Modern AI synthetic voice editors can be used via simple interfaces that work like Google Docs or Microsoft Word. You make the changes you want in a user-friendly system. The system makes all complex changes itself without showing the source code to the proofer.

Also, no servers, no specialist equipment required — just a browser, headphones, keyboard, and mouse.

People will feel the deception — they will understand that this is a robot.

The audience hates robot voices. Well, that is half right. The audience WILL understand that they are listening to a robot voice. But the audience does not in practice actually hate robot voices.

There is no need to cheat! You can be absolutely upfront about the fact that you are using a synthetic voice. For example: more than 1200 audiobooks were recorded for Storytel, Eksmo, and other publishers around the globe using Speechki’s platform. All of them were marked ‘narrated by AI-narrator.’ And the audience was questioned. They said, ‘We love it because now these books are available in the audio format. The quality is enough for comfortable listening. And sometimes, human-narrated audiobooks sound worse’. Not every actor has a voice that’s pleasant to every listener. But mainly, it’s about availability.

It’s very difficult and expensive to jump into AI technologies.

Yes, it’s something new for them. But it’s actually neither difficult nor expensive. As I have mentioned, there are easy tools for doing it, and the cost is less than with a traditional narrator. So even if your budget for audiobook production is very small, you can use that small amount to produce six or eight audiobooks, test the water, and see how they do on the real market.

Think about a technological tool that’s very common now, say Uber. Fifteen years ago, 2006, nobody had ever heard of it. Now almost everyone uses it. It is convenient, and it works rapidly. And it’s even cheaper than a traditional taxi. Just because it’s new doesn’t mean it will be expensive, or that we need to be afraid of it.

As for the price, with Speechki it costs you $1,000 to create the audiobook, while a traditional method demands at least $5,000.

FAQ

Can AI voices replace real narrators?

One worry that people often mention is that AI will replace voice actors and professional narrators. No, it won’t!

Artificial intelligence sounds good and isn’t creepy, but it does not have the real, natural qualities of a human narrator. It’s not the same thing. Companies already hire human narrators and voice actors on a regular basis, and they absolutely will continue to do so. Nothing can replace the experience of listening to a talented actor or narrator reading a good book. But Stephen Fry only has so many hours in his day. And he expects to be paid for his work. And that’s true of all audiobook narrators, even the ones who aren’t so famous. The point of AI automated voices is to create good-quality recordings of books that otherwise would never be recorded at all, because the process is too costly and time-consuming for the publishers.

Is it true that robots don’t make mistakes?

No. The robot makes a lot of mistakes. But human beings make mistakes too.

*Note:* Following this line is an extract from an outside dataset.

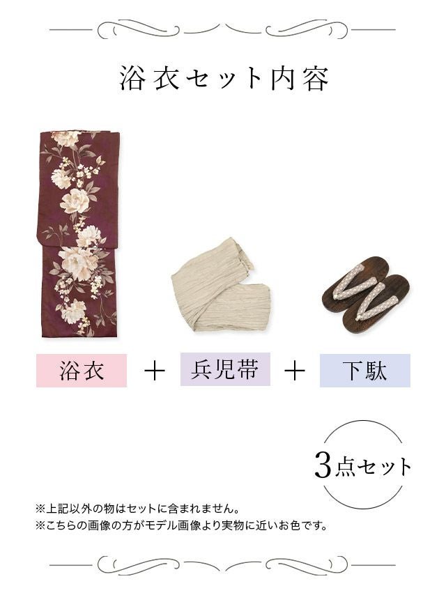 4. 浴衣 レトロ ワイン ニュアンス 牡丹 ゆかた 3点セット (浴衣+兵児帯+下駄)
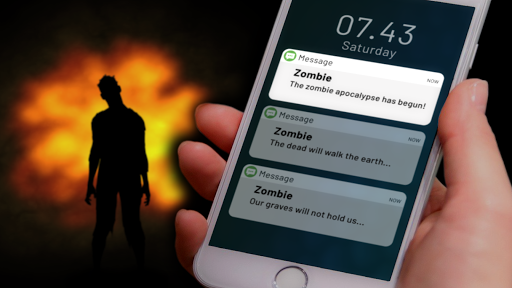 The zombies are hungry and searching for their favourite food - human flesh! Receive calls and text messages from the undead as they track you down before giving you a frightening jumpscare, leaving you with a fake smashed screen!

Try recording an audiobook narration yourself, and you will notice how often you trip up! Unlike classic human narrators, however, synthetic voices are manageable. A human can go back and rerecord a sentence. A robot can be corrected immediately. But often, mistakes are found after the recording session. If you are using a human narrator, you have to find time in that person’s schedule, get him or her back into the recording studio, and then pay the narrator for that work. When you are using a computer-generated narrator, the mistakes can be corrected when you find them using your mouse and keyboard.

Are audiobooks recorded with one voice or not?

One thing a lot of people will be inclined to ask is this: Will all audiobooks be recorded in only one or two voices?

No. There is a diverse selection of voices (male, female, or child).

Already now publishers can create a copy of your voice or the voice of a famous announcer (with his permission) and then use it for audiobook recording.